Archive for January, 2011|Monthly archive page

Two years of blogging

I missed my blogiversary. It was Jan. 14. I didn’t realize I had missed it until last Wednesday, which was Jan. 26. I was driving to support group, wondering what I might talk about, and realized that here it was, January, and that this is the month during which I started the blog two years ago. I have gone over before the reasons I started the blog. Mostly, I was a mess at that time. Really stressed out, consumed with Mom’s care and especially her financial situation, feeling very alone and upset a lot of the time. And I thought maybe, just maybe, others in similar circumstances could benefit from a no-nonsense report about the disease. Blogging has definitely been a therapeutic activity. Not just the act of writing about Mom and my emotions about her, but because it has really helped me redirect my thinking about this part of Mom’s life and my life.

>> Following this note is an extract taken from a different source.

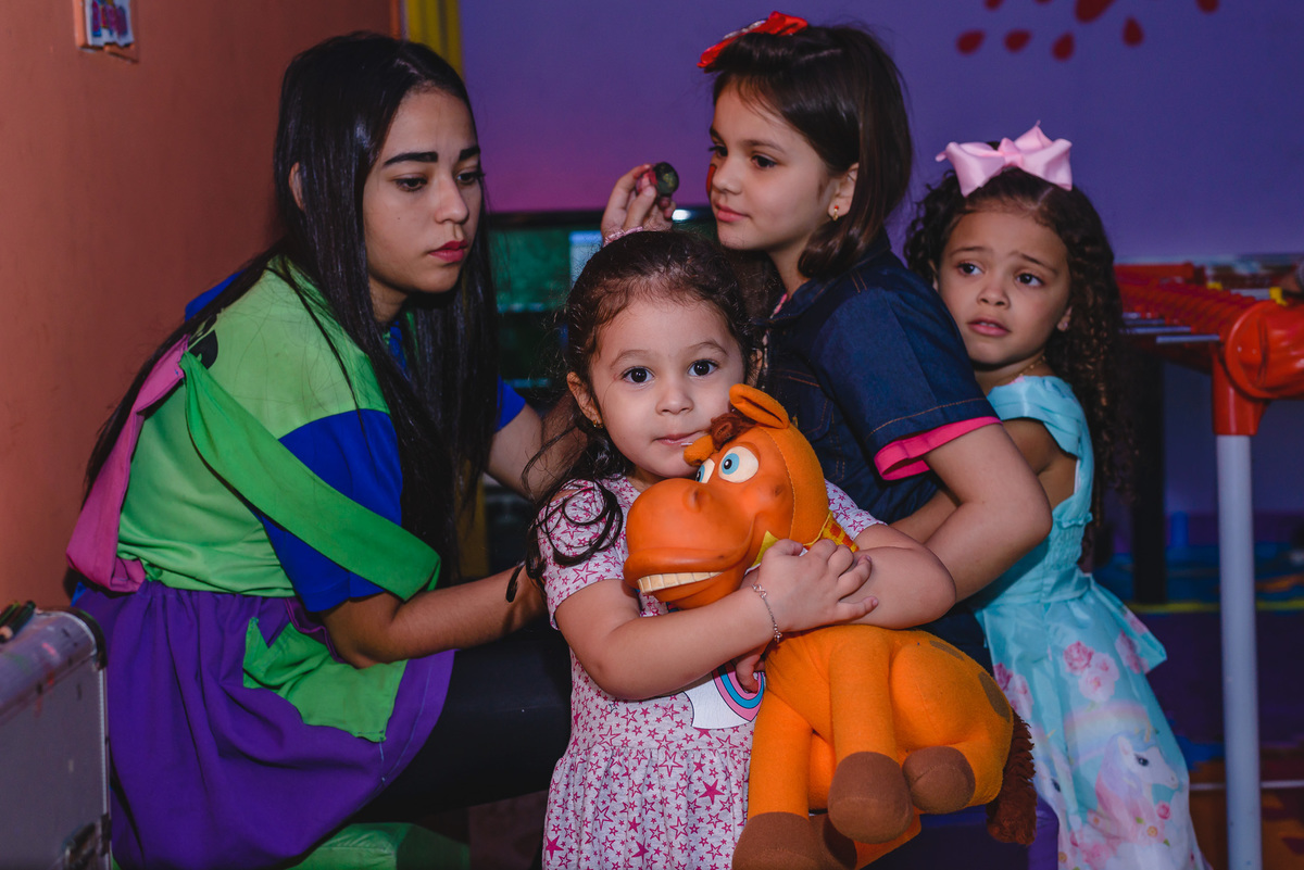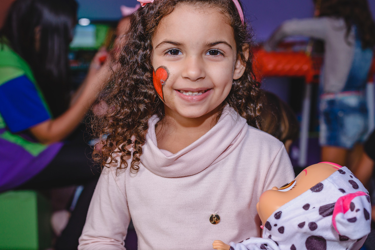 A Lilly estava tímida no início, mas logo estava dando sorrisos e brincando com as amigas. O videogame foi sua principal escolha para se divertir. Ela correu, recebeu os convidados com carinho, aproveitou cada minuto com muita felicidade.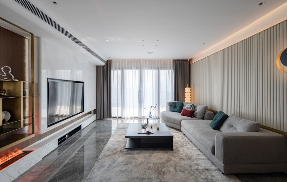 自然大气的灰白纹理交织一起,呈现流动的磅礴气势。胡桃木格栅和钛金边穿插其中,勾勒质感,延续奢华。

I felt so sorry for myself in the many months leading up to and after Mom’s Alzheimer’s diagnosis. I was concerned for Mom, but I could see plainly that I was going to be stuck looking after her. That is how I thought about it. But over time, and especially while reflecting about Mom in this blog, I have come to actually value this experience, or at least to stop hating it and thinking about myself so much of the time. I have learned a lot about what might be going on in the Alzheimer’s mind, and have had the chance to consider the hell that Mom must have been going through in the early months and years of her illness. How frightening it must have been, and how deftly she really handled it, all things considered. So much sucks about it all, no doubt about it. But I try not to dwell so much on that, and instead try to be a cheerful and comforting presence in Mom’s life. And at this point, that is what she is in my life.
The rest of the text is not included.